Piano Sonata No. 2
About this Piece
Like other Russian composers of the 20th century—Alexander Scriabin, Sergei Rachmaninoff, Sergei Prokofiev—Dmitri Shostakovich excelled at the keyboard. He first studied the instrument with his mother at age 9, then continued at Petrograd Conservatory under renowned pedagogue Leonid Nikolayev. According to a friend, Shostakovich “was a wonderful pianist, with strong hands and his own precise and somewhat dry manner of playing.”
His sporadic but impressive output for the instrument included numerous incidental pieces, a set of 24 preludes, two piano sonatas, and a set of 24 preludes and fugues—the last being a tribute to Bach’s Well-Tempered Clavier. Composed during World War II, following the evacuation of Shostakovich and his family to difficult living circumstances in the Volga city of Kuybyshev (now Samara), the Second Piano Sonata is an unusually introspective and “private” piece. Different in spirit from the “aggressively modern” one-movement First Sonata (1926), it also represents a striking contrast to the “public” music Shostakovich was composing around the same time, such as the hugely successful Symphony No. 7, “Leningrad.”

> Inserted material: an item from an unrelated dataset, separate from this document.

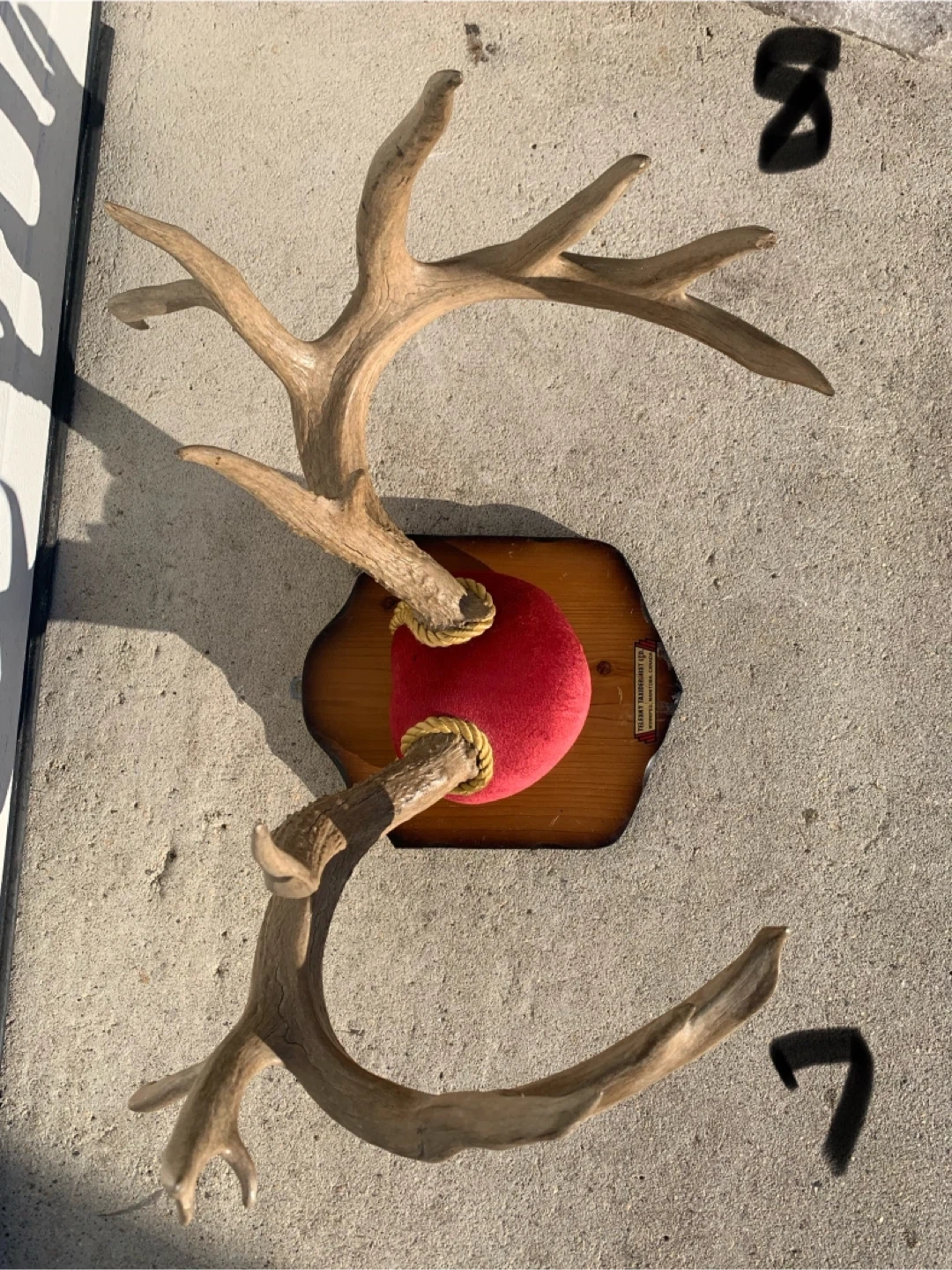 ANTLERS- 7/8 POINTS -VINTAGE- MOUNTED . Aprox. 21” wide. Very nice. Will look great in your den, man cave, cabin etc. $250. Pick up in SELKIRK, MB. Or possible meet to pick up.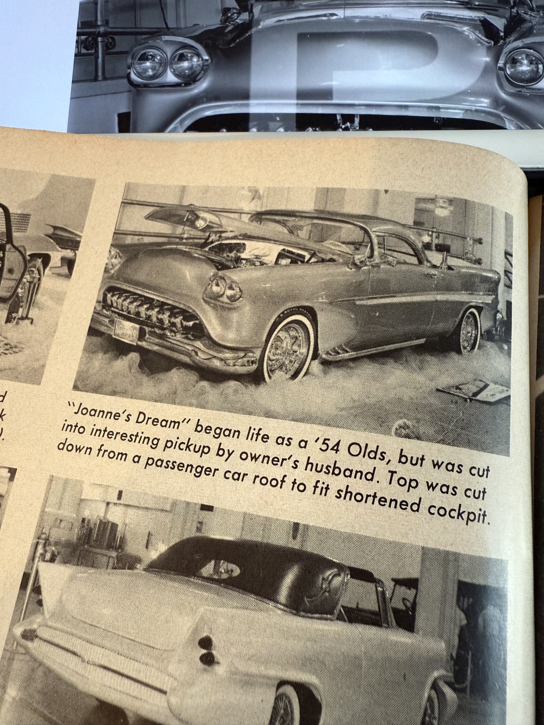 Hello, I was trying to draw an El Camino version of my brother’s 1951 Olds sedan and the art work looked like a whirlwind hit it many times over. It was not the easiest thing to do. So, it sits in a folder "waaay" back deep in the files. Perhaps, I will get it out one day and see what is what in that art works department… But, in my search for something that may look like an Oldsmobile El Camino, I saw this one. But the first thing I noticed it the original owner took the stock roof line and shortened and lowered it to the body/bed. In doing so, he had the door to deal with and so the top was cut to fit. From the side standing a full car distance away, it looks odd. The proportions of the top somehow got out of whack. More of the Olds top could have been used to create a better proportion top and either make a larger door to utilize the curved top or add a roll down window like the Corvette. At least, it would give a well proportioned style and top to go with the long body. Jnaki The custom is a good idea and with a longer roof. In 1960, it was certainly a different custom car idea. A longer roof line gives it a better proportion to fit the long body. If the idea of a longer door is a problem, then option #2… Window up and second photo, window down with the proportioned longer top. YRMV

In the Second Piano Sonata, Shostakovich seems to be composing for himself alone. That the piece was composed as a memorial to his beloved teacher Leonid Nikolayev, who died in late 1942, helps to explain its intimate and melancholy emotional tone. Maxim Shostakovich, the composer’s son and an accomplished pianist and conductor, has called the Second Sonata “one of Shostakovich’s most tragic scores.”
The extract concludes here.